**Material shown**
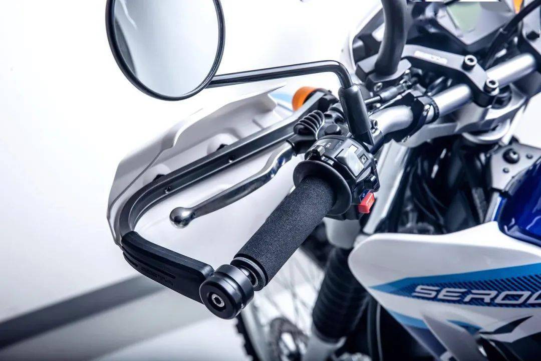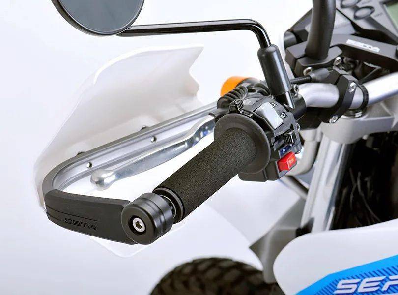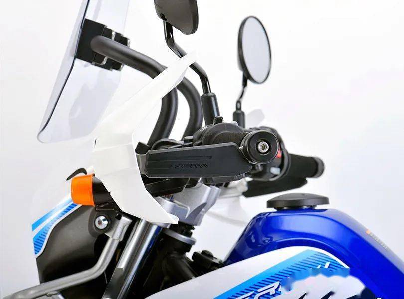 一系列的改裝項目中,亮點包括了有著探險車型風格的、可調(diào)節(jié)迎風角度的前風擋,以及車把兩端的、有著較大迎風面積的手部護罩,兩端的握把、采用了獨特的海綿材料制成,此舉可降低駕駛過程中,因為長時間受氣流、震動的影響而造成的疲勞。
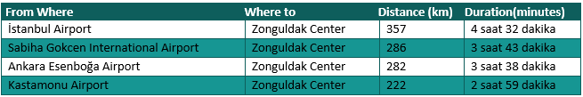 Among the airports used for transportation to Zonguldak are Istanbul Airport, Sabiha Gökçen Airport, Ankara Esenboğa Airport and Kastamonu Airport.
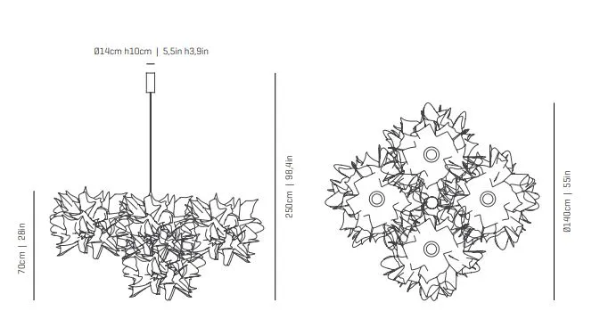 Fluo Compo medium - это легкая форма, которая создает иллюзию парообразной ткани, похожей на полупрозрачный тюль, который одновременно раскрывает и скрывает, играя с интуицией наблюдателя. Легкость этого дизайна ручной работы, получившего награду Good Design Award в 2009 году , усиливается в более крупных композициях коллекции.
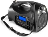 | Product colour | Black | | Playback options | BT streaming, USB, SD, FM radio | | Speaker type | Active (amplified) | | Output power: Max | 130W | | Output power | 65W | | Battery | 12V - 2.2Ah | | Frequency response | 50Hz - 16.000Hz | | THD | <0.1% | | Diameter woofer | 6.5" | | Magnet type | Ferrite | | Input connections | 3.5mm Jack, 6.3mm Jack, SD, USB | | Output connections | 3.5mm Jack, RCA | | Frequency handheld microphone(s) | 863 – 865 MHz | | Frequency headset (bodypack) | 863 – 865 MHz | | Power supply | 100-240VAC 50/60Hz | | Dimensions (L x W x H) | 320 x 180 x 215 mm | | Weight (kg) | 2,40 | | Included accessories | Handheld microphone (wireless), Headset microphone (wireless), Remote control (wireless) | pdf
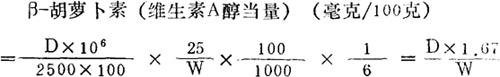 式中:D:消光度; W:样品的重量(克); 0·3:每0.3微克维生素相当于 1830:石油醚中维生素A的 附:β-胡萝卜素的测定: (1)将(二)维生素A测定中《3②》的,β-胡萝卜素提取液用石油醚定容至25毫升。 (2)440~456毫微米波长范围内,每隔2毫微米以石油醚作对比,测定其吸收率(1厘米玻璃比色皿)。 (3)计算:
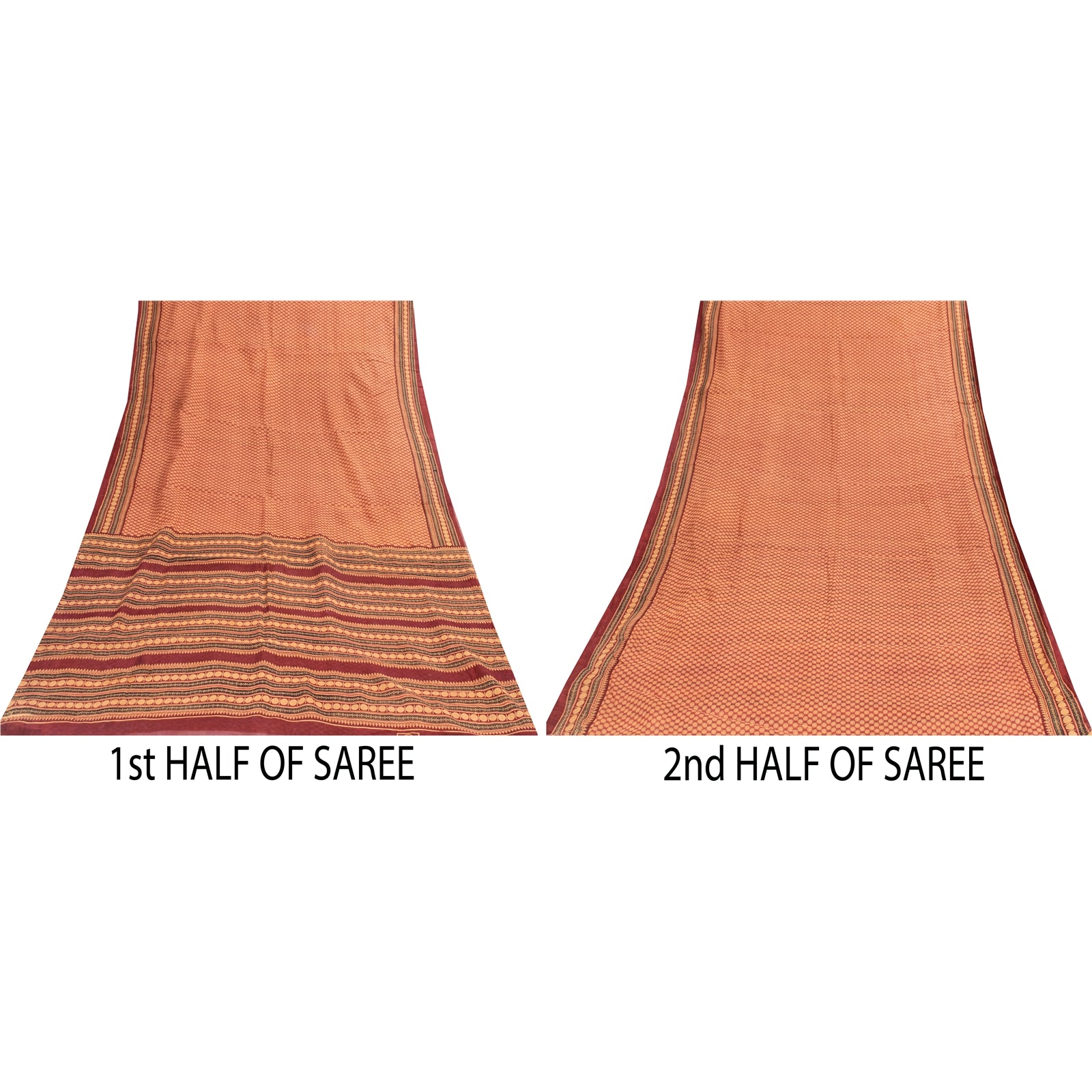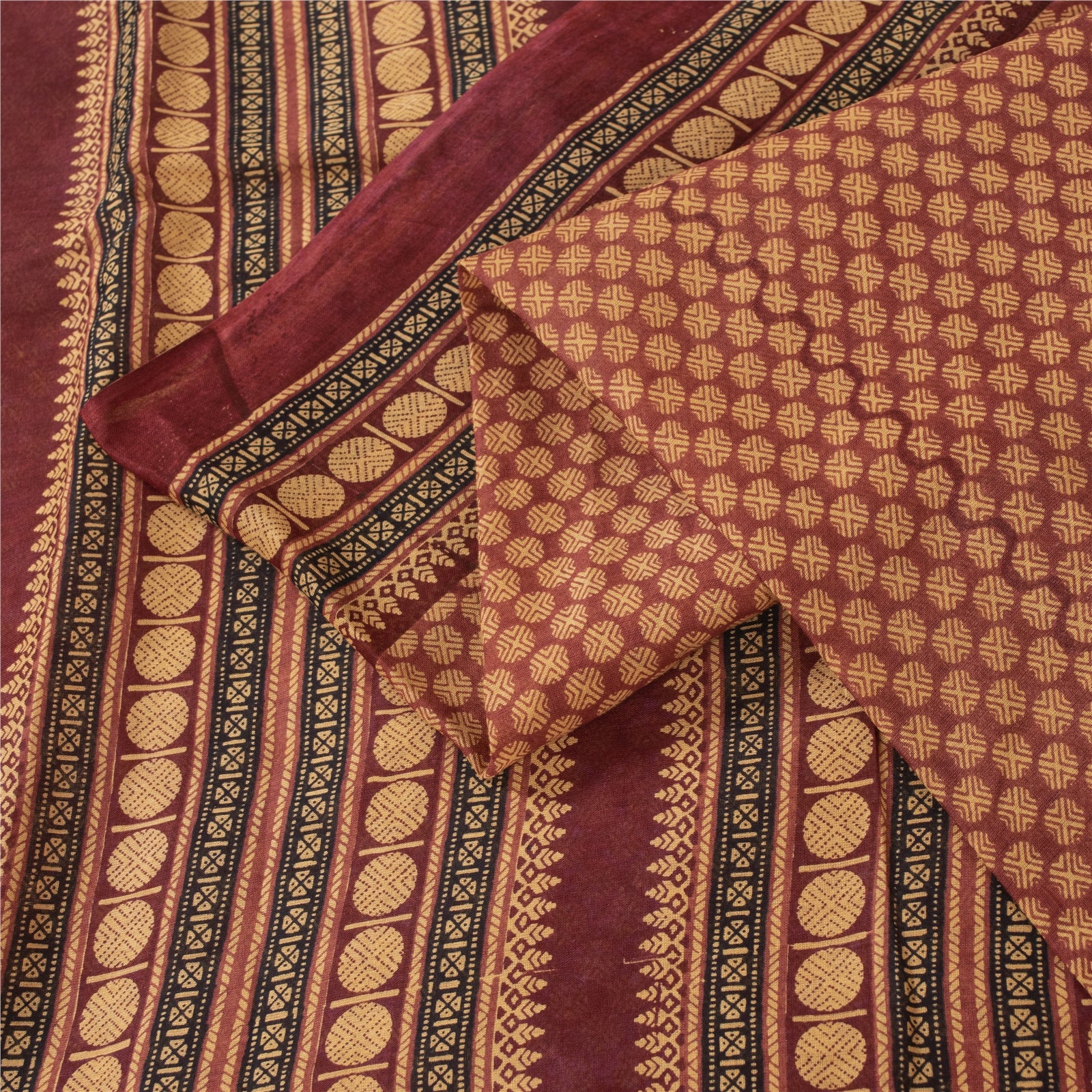 Sanskriti Vintage Sarees Brown Pure Cotton Geometric Printed Sari 5+yd Fabric
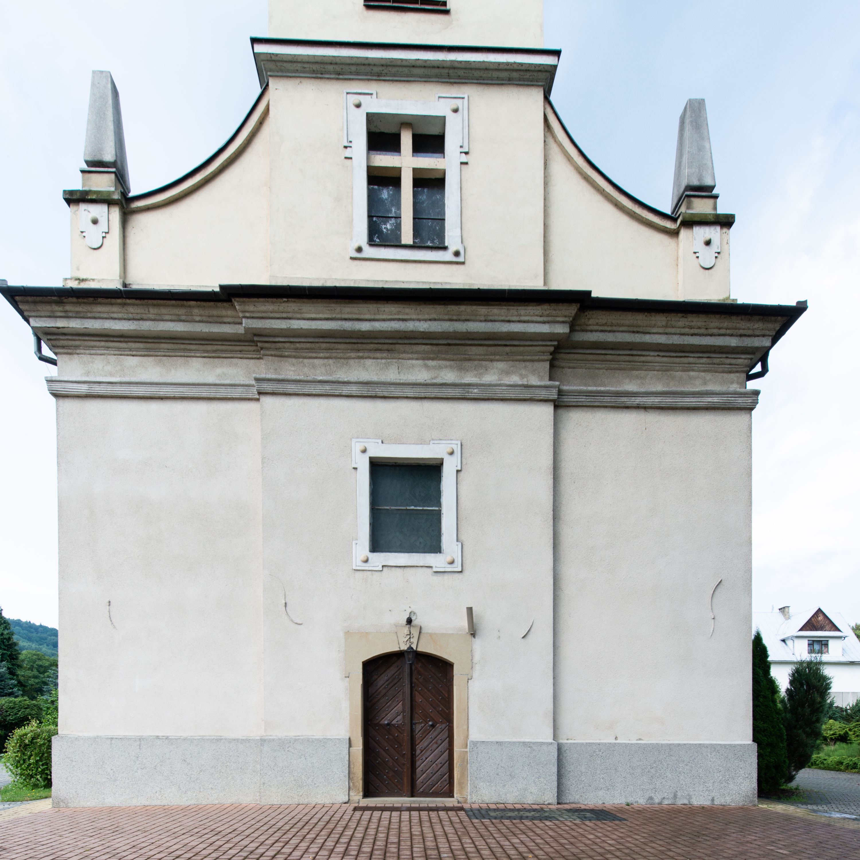 Elewacja kościoła bez podziałów architektonicznych z zaznaczonym jedynie profilowanym gzymsem podokapowym. Fasada wschodnia trójosiowa ze środkowym ryzalitem, wieża włączona w korpus kościoła. W drugiej kondygnacji spływy flankujące wieżę, zakończone masywnymi sterczynami. Wieża nakryta dachem namiotowym z hełmem, na szczycie iglica. Na środku nawy ażurowa wieżyczka na sygnaturkę, nakryta daszkiem namiotowym z hełmem. Dach nad korpusem kościoła i zakrystią jednokalenicowy, dwuspadowy, nad prezbiterium i transeptem trójspadowy, nad kruchtą siodłowy.

**Exercise directions**
Pictures are to be dropped; every line of the records is to be returned unchanged.

**Written answer**
 一系列的改裝項目中,亮點包括了有著探險車型風格的、可調(diào)節(jié)迎風角度的前風擋,以及車把兩端的、有著較大迎風面積的手部護罩,兩端的握把、采用了獨特的海綿材料制成,此舉可降低駕駛過程中,因為長時間受氣流、震動的影響而造成的疲勞。
 Among the airports used for transportation to Zonguldak are Istanbul Airport, Sabiha Gökçen Airport, Ankara Esenboğa Airport and Kastamonu Airport.
 Fluo Compo medium - это легкая форма, которая создает иллюзию парообразной ткани, похожей на полупрозрачный тюль, который одновременно раскрывает и скрывает, играя с интуицией наблюдателя. Легкость этого дизайна ручной работы, получившего награду Good Design Award в 2009 году , усиливается в более крупных композициях коллекции.
 | Product colour | Black | | Playback options | BT streaming, USB, SD, FM radio | | Speaker type | Active (amplified) | | Output power: Max | 130W | | Output power | 65W | | Battery | 12V - 2.2Ah | | Frequency response | 50Hz - 16.000Hz | | THD | <0.1% | | Diameter woofer | 6.5" | | Magnet type | Ferrite | | Input connections | 3.5mm Jack, 6.3mm Jack, SD, USB | | Output connections | 3.5mm Jack, RCA | | Frequency handheld microphone(s) | 863 – 865 MHz | | Frequency headset (bodypack) | 863 – 865 MHz | | Power supply | 100-240VAC 50/60Hz | | Dimensions (L x W x H) | 320 x 180 x 215 mm | | Weight (kg) | 2,40 | | Included accessories | Handheld microphone (wireless), Headset microphone (wireless), Remote control (wireless) | pdf
 式中:D:消光度; W:样品的重量(克); 0·3:每0.3微克维生素相当于 1830:石油醚中维生素A的 附:β-胡萝卜素的测定: (1)将(二)维生素A测定中《3②》的,β-胡萝卜素提取液用石油醚定容至25毫升。 (2)440~456毫微米波长范围内,每隔2毫微米以石油醚作对比,测定其吸收率(1厘米玻璃比色皿)。 (3)计算:
 Sanskriti Vintage Sarees Brown Pure Cotton Geometric Printed Sari 5+yd Fabric
 Elewacja kościoła bez podziałów architektonicznych z zaznaczonym jedynie profilowanym gzymsem podokapowym. Fasada wschodnia trójosiowa ze środkowym ryzalitem, wieża włączona w korpus kościoła. W drugiej kondygnacji spływy flankujące wieżę, zakończone masywnymi sterczynami. Wieża nakryta dachem namiotowym z hełmem, na szczycie iglica. Na środku nawy ażurowa wieżyczka na sygnaturkę, nakryta daszkiem namiotowym z hełmem. Dach nad korpusem kościoła i zakrystią jednokalenicowy, dwuspadowy, nad prezbiterium i transeptem trójspadowy, nad kruchtą siodłowy.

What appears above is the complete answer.